A skin lesion is a growth or appearance anomaly in the dermis that is different from the rest of the body. A tiny scratch or something more serious like skin cancer might be completely unnoticeable. The use of deep learning (DL) architectures for image categorization in several fields, including dermatology, has shown impressive results. The expectations produced by DL for applications like image-based diagnostics have necessitated that non-experts become acquainted with algorithms’ working principles. Obtaining hands-on experience using these tools through a simplified however realistic method, in our opinion, may significantly aid in their intuitive comprehension. Even students without a strong mathematical background may understand concepts like convolution by seeing the outcomes of DL algorithms’ operations on dermatological images. Furthermore, the ability to fine-tune hyperparameters & even computer code expands the reach of basic intuitive understanding of these methods without having complex computational & theoretical skills. It is now feasible because of recent technology advancements that have lowered technical & technological obstacles associated with usage of these tools, creation them available to a larger population. So, we present a custom CNN for training a CNN on a dataset that contains skin lesions images linked by distinct skin cancer groups. Activity is open-source & doesn't need any additional software to be installed to use it.
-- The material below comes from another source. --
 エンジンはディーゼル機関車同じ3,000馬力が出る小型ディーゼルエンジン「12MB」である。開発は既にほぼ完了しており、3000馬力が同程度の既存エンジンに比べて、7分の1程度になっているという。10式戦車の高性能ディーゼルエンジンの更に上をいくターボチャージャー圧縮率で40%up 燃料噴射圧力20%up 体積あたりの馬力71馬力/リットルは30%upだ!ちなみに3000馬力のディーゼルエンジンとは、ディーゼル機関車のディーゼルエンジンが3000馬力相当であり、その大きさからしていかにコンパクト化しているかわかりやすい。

Additionally, we describe the algorithm and its functions in detail, starting with the creation of the basic computer code building blocks and leading the reader through the execution of real-world examples, comprising visualization & assessment of results. We get a training accuracy of 100 percent & a validation accuracy of 98.32 percent using this method.
基于自定义CNN框架的皮肤病变解剖分类
皮肤病变是指真皮层与身体其他部位不同的生长或外观异常。一个小小的划痕或更严重的事情,比如皮肤癌,可能完全不会被注意到。在包括皮肤病学在内的多个领域,使用深度学习(DL)架构进行图像分类已经显示出令人印象深刻的结果。DL对基于图像的诊断等应用产生的期望使得非专家熟悉算法的工作原理成为必要。在我们看来,通过一种简化但现实的方法获得使用这些工具的实际经验,可能会极大地帮助他们的直觉理解。即使是没有很强数学背景的学生,也可以通过看到深度学习算法对皮肤图像的操作结果来理解卷积等概念。此外,微调超参数甚至计算机代码的能力扩展了对这些方法的基本直观理解的范围,而无需复杂的计算和理论技能。由于最近的技术进步降低了与使用这些工具相关的技术和技术障碍,现在这是可行的,使更多的人可以使用这些工具。因此,我们提出了一个自定义CNN,用于在包含由不同皮肤癌组连接的皮肤病变图像的数据集上训练CNN。Activity是开源的,不需要安装任何额外的软件来使用它。此外,我们详细描述了算法及其功能,从基本计算机代码构建块的创建开始,引导读者通过执行现实世界的示例,包括结果的可视化和评估。使用该方法,我们得到了100%的训练准确率和98.32%的验证准确率。
本文章由计算机程序翻译,如有差异,请以英文原文为准。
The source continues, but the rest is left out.